The study considers the complex interaction between populist attitudes, policy preferences, and voter choice. Loew and Fass build an analysis derived from the literature on host ideologies, such as socialism and nationalism, that influence voting behavior.
In their conclusion, they outline convincingly that on the demand side of politics, populist attitudes and strong policy preferences lead to votes for populist parties on either the left or the right. Yet voters with moderate policy concerns and strong populist attitudes are still more likely to vote for populist parties because these attitudes substitute for policy preferences.
The article sheds light on a group of voters who are less driven by policy preferences than they are motivated by populism itself. If this is true across the nation, populist parties can rely on either policies or populist attitudes as a driver to increase their vote share.
Shelley Boulianne, Karolina Koc-Michalska, and Bruce Bimber (2020) “Right-Wing Populism, Social Media and Echo Chambers in Western Democracies”, New Media & Society
Boulianne, Koc-Michalska, and Bruce Bimber explore the effect of self-exposure to social media–based “echo chambers” on the rise of right-wing populism.
Based on a large-scale survey of 4500 respondents conducted in France, the UK, and the US, the authors assess citizens’ experiences of echo-chamber effects and support for populist parties. The novelty of this strand of research is the study’s comparative approach, which rules out country-specific explanations such as economics and immigration.
The study also assesses the polarizing effect of echo chambers and polarization’s link to left-wing or right-wing ideologies. The authors conclude that exposure to selective information in social media echo chambers does not predict support for right-wing parties as opposed to other parties. However, they find an echo chamber effect in the context of offline discussions with like-minded people, which is associated with support for right-wing populists.
The findings challenge the common assumption that digital echo chambers increase the propensity to endorse right-wing populism.
Laurent Bernhard and Hanspeter Kriesi (2019) “Populism in Election Times: A Comparative Analysis of 11 Countries in Western Europe”, West European Politics
Bernhard and Kriesi, through a content analysis of press releases in 11 countries in Western Europe, offers an interesting comparative analysis of the populist ideology expressed by parties during election campaigns.
They evaluate three types of appeals: people-centrism, anti-elitism, and demands for popular sovereignty. They not only look at populist parties from both the radical right and the radical left, but also at the division of issue dimensions, such as culture and economy, in northern and southern Europe. The article combines quantitative text analysis with qualitative examples, providing the reader with helpful illustrations of the national context.
The authors conclude that mainstream parties are less prone to rely on populist rhetoric. Intriguingly, this challenges the assumption that mainstream parties adjust to populist strategies exhibited by the far left and right. This description of gradual populism among “extreme parties” is important because it highlights the importance of nuanced classification.

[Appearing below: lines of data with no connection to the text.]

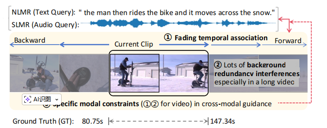 图1 视频时刻检索的关键挑战与解决方案示意图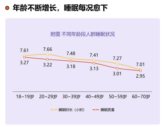 而在居住环境中,最值得重视的则是老年人睡眠健康问题。喜临门联合中国社会科学院发布的《中国睡眠研究报告2023》指出,2022年国人睡得更晚、起得更晚,入睡时间集中在23点至1点,比2021年国人的集中入睡时间向后推迟了1个小时。同时,随着人们年龄不断增长,其睡眠时长与质量均会每况愈下,其中,60岁至70岁的老人睡眠状况最差。因此,在老年人的养老服务中,睡眠升级或成为居住环境“适老化”改造的第一步。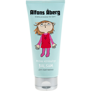 Millas Herlige Balsam fra Albert Åberg er en herlig og nærende balsam for barn. Vi kjenner alle til Milla som Albert sin gode venn, som alltid er morsom å leke med. Derfor er denne balsamen også laget for å ha det gøy i badekaret mens barnet skal vaske håret. Balsamen nærer og pleier skjørt hår og forvandler floker og uregjerlig hår til et mer håndterlig hår som enkelt kan gres ut. Den er mildt parfymert.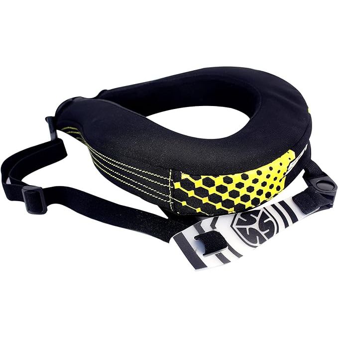 This neck rest race collar is made from high-quality materials to ensure durability and protection. It is lightweight and comfortable to wear, allowing for freedom of movement while providing essential support to the neck. The protector guard is adjustable to fit various neck sizes and has a secure fastening system to keep it in place during rides.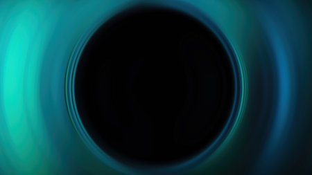 Neon frame. Blur glow. Portal hole. Defocused cyan green blue color gradient round circle with black copy space abstract illustration background.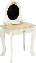 Подарете на малката кокетка нейния собствен кът за красота. Дървената тоалетка LULILO Bella има голямо овално огледало, практично чекмедже и странични рафтчета за дребни вещи. Здравата дървена конструкция с гладка повърхност е лакирана с нетоксични бои, което я прави идеална за ежедневна игра и като декорация на детската стая.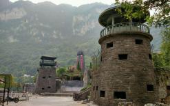 一进剑门关,我看见这里的山每座都像被斧头砍开一样,山上的树木不多,尽是悬崖峭壁,古时的蜀道就是像贴在这些悬崖峭壁上的木头栈道,顺着山壁蜿蜒盘旋。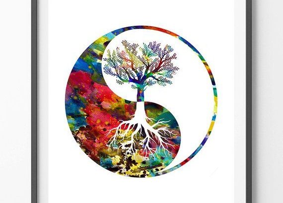 Impresión de acuarela de árbol Yin Yang, cartel de ilustración de símbolo de árbol yin yang, arte budista, arte boho, arte de meditación de yoga [NO 184] Es una copia en acuarela de mi pintura original. La impresión se entrega sin marco. La versión del lienzo está disponible aquí: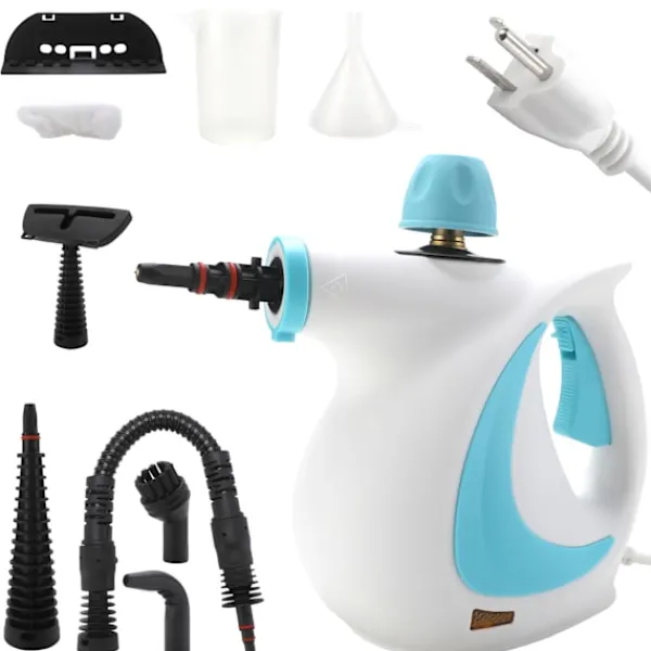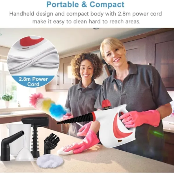 【Multifunktionell 9-delars tillbehörssats】 Handhållen ångare för rengöring, utrustad med 9 praktiska tillbehör för att möta olika rengöringsbehov. Oavsett om du rengör svåråtkomliga hörn, köksbänkar, diskhoar, toaletter, grillar etc.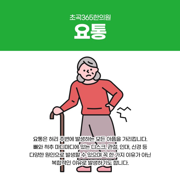 그러니 요통으로 힘드신 분들은 세밀한 진단부터 치료, 관리까지 받아보시길 바랍니다. 환자분들을 위해 365일 평일 야간진료, 공휴일과 주말 진료하고 있으니 언제든지 내원하시길 바랍니다. 건강한 척추, 허리 건강을 위해 초곡365한의원에서도 최선을 다해 올바른 진단을 하겠습니다. 감사합니다.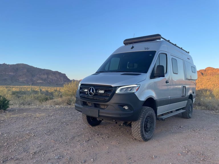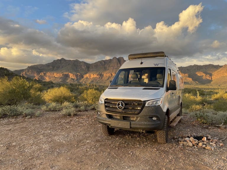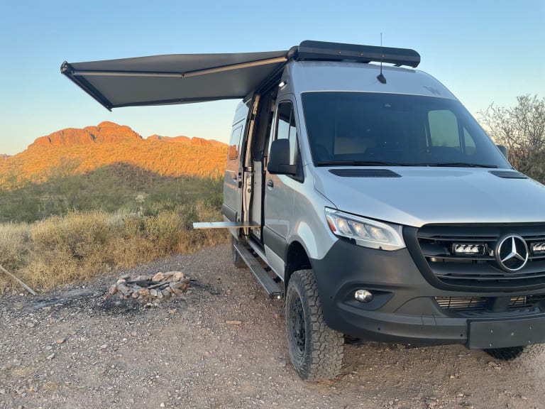 The only way to enjoy the Arizona desert is getting off-road and getting to a spot that other RVs won’t go. We are located 5 minutes from Tonto National Forest(Superstition Mtns) that has 100+ sites ready for you and your adventure; photos are taken in Superstition Mtns. You can find a site within minutes of picking up this RV!! No one else has that convenience!!This Dog friendly Mercedes 4WD will allow you a safe and comfortable place to call home while you enjoy the outdoors here in Arizona. Less than a year old and has all the comforts needed to enjoy off grid living with solar panels to ensure you power all your gadgets. Also has the option to come with Starlink WI-FI if you’d like. Don’t settle for a 2WD when you can have the real thing and be the envy of wherever you roll! Revel is a $200k RV that is the king of the Desert Offroads and is built on a Mercedes 4WD Sprinter van chassis with a HO diesel engine! Van has recently had $20k of upgrades to include a tire/wheel and suspension package upgrade with same size spare tire on back for easy access. Please note most rental vans don’t have same size spare tire which will leave you in a precarious situation if you have an emergency. Also the suspension has setting to provide a smooth drive on highway or trails!All dishes and kitchen amenities included along with pod coffee maker. Bed retracts up if you want more space during day. Powered awning with oversized chairs for you to nap in. XM satellite radio included along with plenty of USB ports everywhere for your phones and tablets.Come enjoy the luxury of a 4x4 Mercedes in the Desert! Don’t forget to bring your furry friend too!Ask me any questions to help make your vacation customized for your needs!What's includedBedding linens

Dr Niko Hatakka, Research Fellow on Finland
Salla-Maaria Laaksonen, Mervi Pantti, and Gavan Titley (2020) “Broadcasting the Movement and Branding Political Microcelebrities: Finnish Anti-Immigration Video Practices on YouTube”, Journal of Communication
The authors analyze the usage of YouTube by Finnish anti-immigration movements after 2015.
Despite online platforms having significant effects on the style, contents, and form of populist radical right activism, in and parallel to the Finns Party, specific Finnish online movements have rarely been researched empirically. The study is based on qualitative content analysis of the actors, genres, functions, styles, framings, and strategies employed in YouTube videos affiliated to two separate movements, Rajat Kiinni and Suomen Kansa Ensin. The qualitative analysis is preceded and eloquently informed by a simple, yet effective, network analysis.
The paper highlights the role of microcelebrities as pivotal nodes in the movement’s network. Without explicitly stating the outcome, the authors display and discuss how YouTube’s properties and functions affect the process of empty signifiers uniting hybrid political movements.
Michael Hameleers and Rens Vliegenthart (2020) “The Rise of a Populist Zeitgeist? A Content Analysis of Populist Media Coverage in Newspapers Published between 1990 and 2017”, Journalism Studies
Hameleers and Vliegenhart’s article contributes to the discussion on the mainstreaming of populism as a thin-centered ideology in Western Europe.
Focusing on a 28-year period in the Netherlands, the authors use a dictionary-based approach to analyze the temporal prevalence of populist communication in newspapers. Measuring the number of articles which contain pre-selected words that are indicative of four selected elements of populist communication, the study portrays how people-centric and anti-elitist communication has become more prevalent over time.
The paper is the first attempt to use a word-based automated analysis of populist communication on a longer time scale. Because of its single country focus, it effectively proves an outlet-independent increase in the elements of populist communication measured.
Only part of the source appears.